Chef: Fine, thanks...I am almost done.
Few seconds later he emerges with a covered plate and pushes it in front of
Chef: here, try it...
As he goes to wait on another customer...few seconds later he comes back.
Chef: How is it?
Me: Different, but I accept it.
Chef: oooh, good. There is another part to it...I get it to you as soon as you finish with this.
Me: What is in it?
Chef: Good stuff, all healthy ingredients.
No sooner I take the last bite and he runs again to the back room and after some noise and commotion he comes back with a different plate.
Chef: This is it. This is the rest of my new creation...you let me know what you think.
Me: Forks spoons, chopsticks, hands or what? What should I use?
Chef: What ever you like, we have them all.
Me: This is excellent! I like it.
Chef: oh good, my goal is to have it as the most ordered dish in this kitchen.
Me: I share your goal...It's certainly a good dish!

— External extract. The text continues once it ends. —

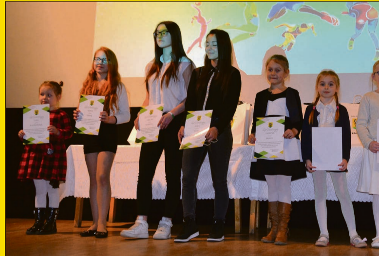
Szkoła Tańca Nowoczesnego „Wow!”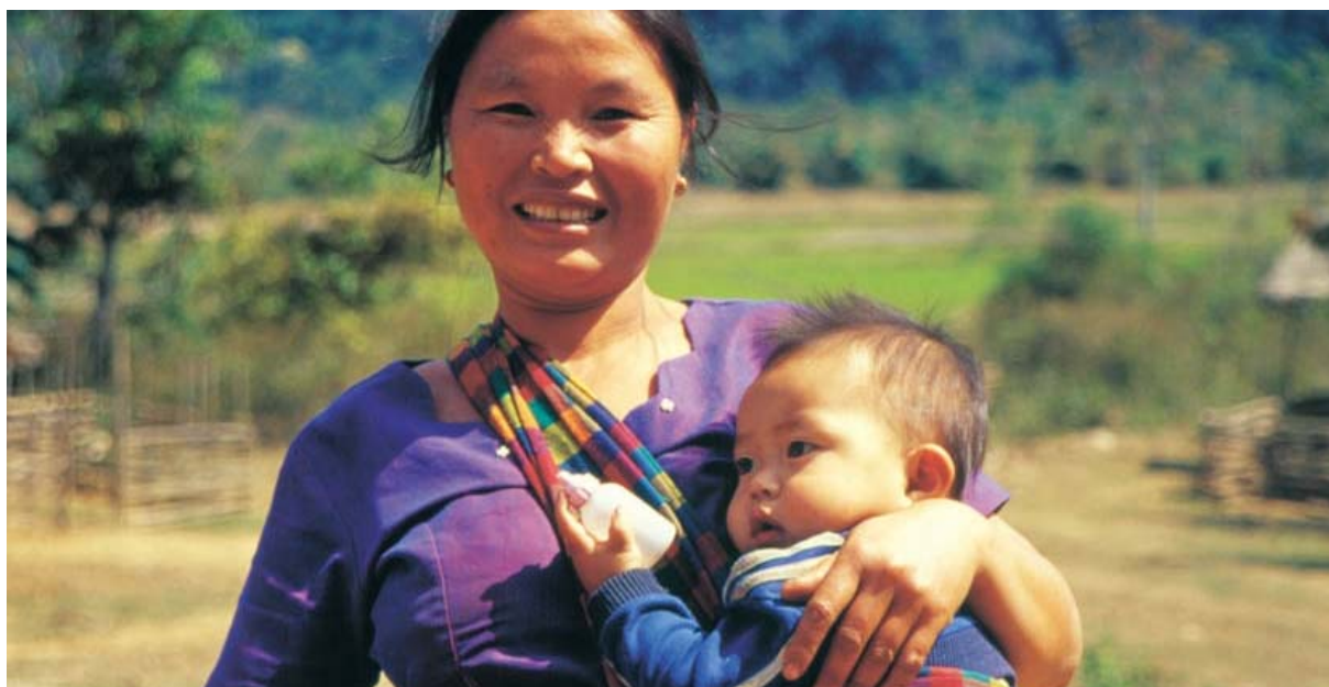
Figure 3 - L'UIP a lancé un programme de promotion de la santé maternelle et infantile

Les activités auront un impact sur l'environnement. Dans le but de réduire les effets délétères, le Secrétariat s'efforcera de publier l'information sous forme électronique et d'exploiter les possibilités de contacts virtuels pour diminuer le nombre de voyages nécessaires.

Chef: It's different and you accepted it and is my goal and you share it...hummm, that is respect my friend, and that should be the name!
Dear Reem Al-badiya,
Soliciting comments on that piece and without letting him know who wrote it, I asked a Libyan friend what he thought of it and whether the love-denying practice in our culture is healthy or not. "The writer should get a life" was his only comment. I could have likely ruined his day, had I asked him to compare...I agree with you, if we let love take its natural course and not hinder it, maybe, just maybe, we would have strong commitment and with measurable results to the home we love, Libya! Thank you very much for your soothing words!